The nation states and international institutions at the center of security discussions now are shifting their approach. For instance, the U.S. has affirmed and moved to institutionalize its commitment to address the national security implications of climate change under the Biden Administration. In doing so, it is joining an increasing number of other nation-states (the UK, France, Sweden, Germany and New Zealand) that have also developed institutional arrangements and plans for their national response to climate insecurity.

The issue is also taking center stage at the international level. The General Assembly passed a resolution on this issue in 2009, and the UN Climate Security Mechanism was established in 2018. The Security Council has also given its sustained attention to the problem. Its September 2021 debate was the  seventh public dialogue on the international security implications of climate change since 2007. This debate featured majority support for expanding the Security Council’s role in addressing climate change as an international security concern, even if Russia’s veto in December of that year prevented a resolution formalizing the UNSC’s role in providing climate security. (Ongoing informal discussions also have continued through the Arria Formula debates in the Security Council since 2013.)

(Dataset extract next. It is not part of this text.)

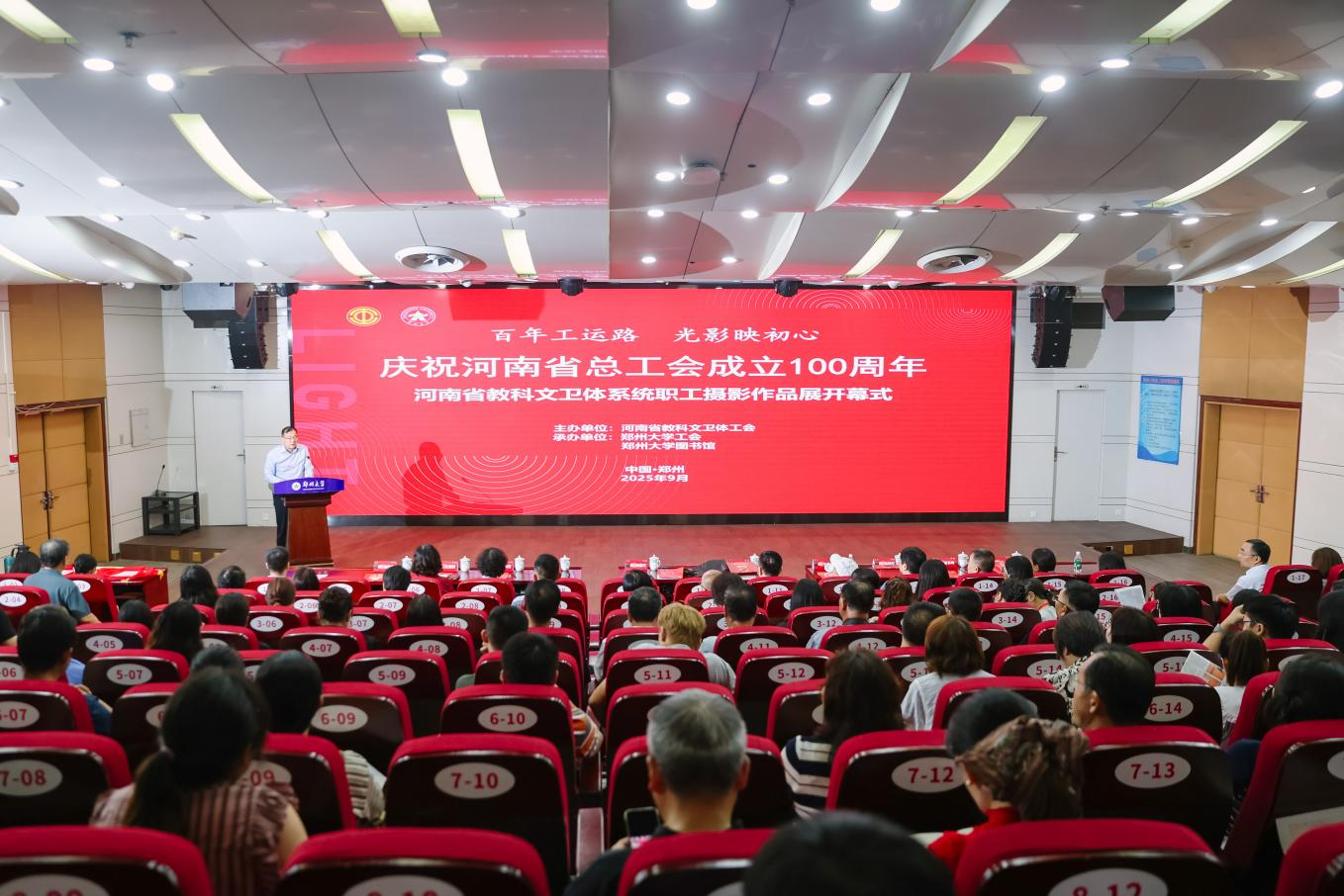为热烈庆祝河南省总工会成立100周年,彰显工会百年发展成就,9月16日,由河南省教科文卫体工会主办,必赢76net线路官网工会、必赢76net线路官网图书馆承办的“百年工运路・光影映初心”职工摄影作品展在必赢76net线路官网举行。河南省总工会副主席刘雪峰,必赢76net线路官网党委副书记、工会主席韩国河,河南省教科文卫体工会主席张学勇,河南省摄影家协会名誉主席于德水出席开幕式。来自全省教科文卫体系统的职工代表、优秀展品作者代表等300余人参加开幕式。

While China and India joined Russia in outlining concerns about overreach or the replication of discussions that should take place elsewhere, it was telling even here that they did not question the potentially devastating impacts of climate change or the capacity for these manifestations to contribute to insecurity.

Beneath this growing consensus, however, are a series of differences. These are not just about the appropriateness of the UN Security Council as a forum for the discussion of climate change. Nor are they limited to differences of opinion about the specific pathways from climate stress to conflict, or the role of the military as an agent for achieving security.

They are often an attempt to grapple with a broader and more fundamental issue: Whose security matters?